My ability to troubleshoot might be a bit limited over the coming week or so as i'm away from home, but i'm super keen to get this sorted. For the time being i've just disabled Authelia and the route into SWAG from the outside world, but it would be useful to have it back in place for remote access to some of my home setup.
Portainer and Synology UI have the same issues. I stated explicitly what we support
You are not putting them in a shared custom bridge. If you do it the way we support it will work. If you choose to do what you’re doing, I suggest thoroughly reading the portainer documentation
Thanks for the help. I’m happy to use whatever method of depoyment - just so long as it works. My confusion is largely because i’m pretty sure my previous deployment was done via Portainer so I was hopeful it might work on the new NAS. But, with that said, it’s a different version of DSM so that could also come into play.
Portainer itself had to be put in place with a docker command so i’m familiar with how to do it. Is there any chance I could please ask for some guidance - is there some documentation or a guide which might help get me on the right lines?

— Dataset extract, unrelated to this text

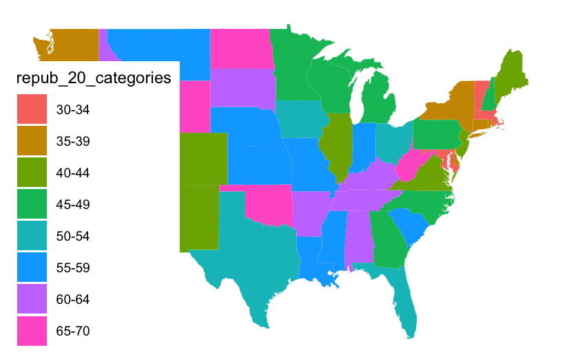 Now map Republican support by county. Let’s go straight to the discretized repub_20_categories variable, and a good color scale.
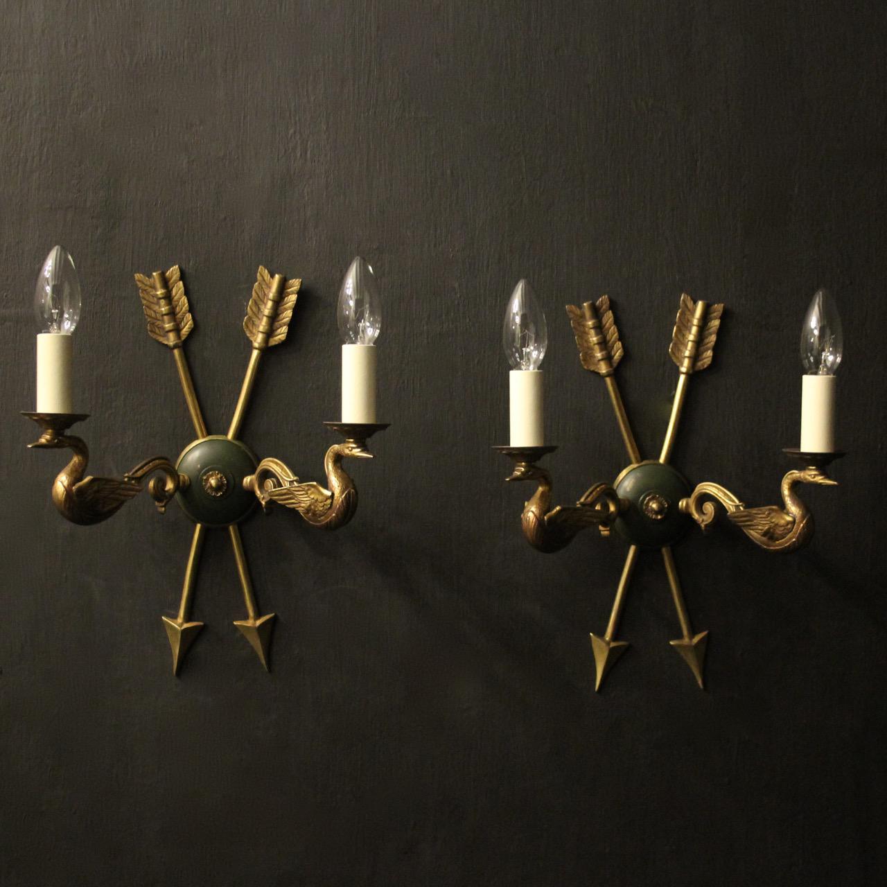 French Pair of Empire Gilded Wall Lights

Our readme for every container tells you how to deploy with docker run or with docker compose along with what the meaning of each var is to let you set it properly. Authelia isn’t ours, but if you put swag and authelia in the same docker compose, they will naturally share a custom bridge which allows them to communicate directly within the docker bridge rather than double natting.
I’m back from holiday now and updated my deployment to use a docker-compose file. Having done this it looks like the authelia container can be resolved as I now get this response:
ash-4.4# docker exec -it swag ping authelia
PING authelia (172.20.0.2): 56 data bytes
64 bytes from 172.20.0.2: seq=0 ttl=64 time=0.105 ms
64 bytes from 172.20.0.2: seq=1 ttl=64 time=0.123 ms
However, when I try to re-enable the Authelia cofiguration in my site-confs I find that visting the site throws a 500 error and the following in the error.log file:
2023/06/11 12:02:23 [error] 463#463: *26 authelia could not be resolved (3: Host not found), client: 192.168.1.1, server: radarr.*, request: "GET / HTTP/2.0", subrequest: "/authelia/api/verify", host: "radarr.mydomain.duckdns.org"
2023/06/11 12:02:23 [error] 463#463: *26 auth request unexpected status: 502 while sending to client, client: 192.168.1.1, server: radarr.*, request: "GET / HTTP/2.0", host: "radarr.mydomain.duckdns.org"
I’m not quite sure where the client IP of 192.168.1.1 is coming from; that’s the default gateway for my network. If you have any suggestions on where the issue might be then i’d appreciate some help.
in your case, since you can ping by name but you can’t resolve properly still, I would check the resolver item first, but check all of them either way.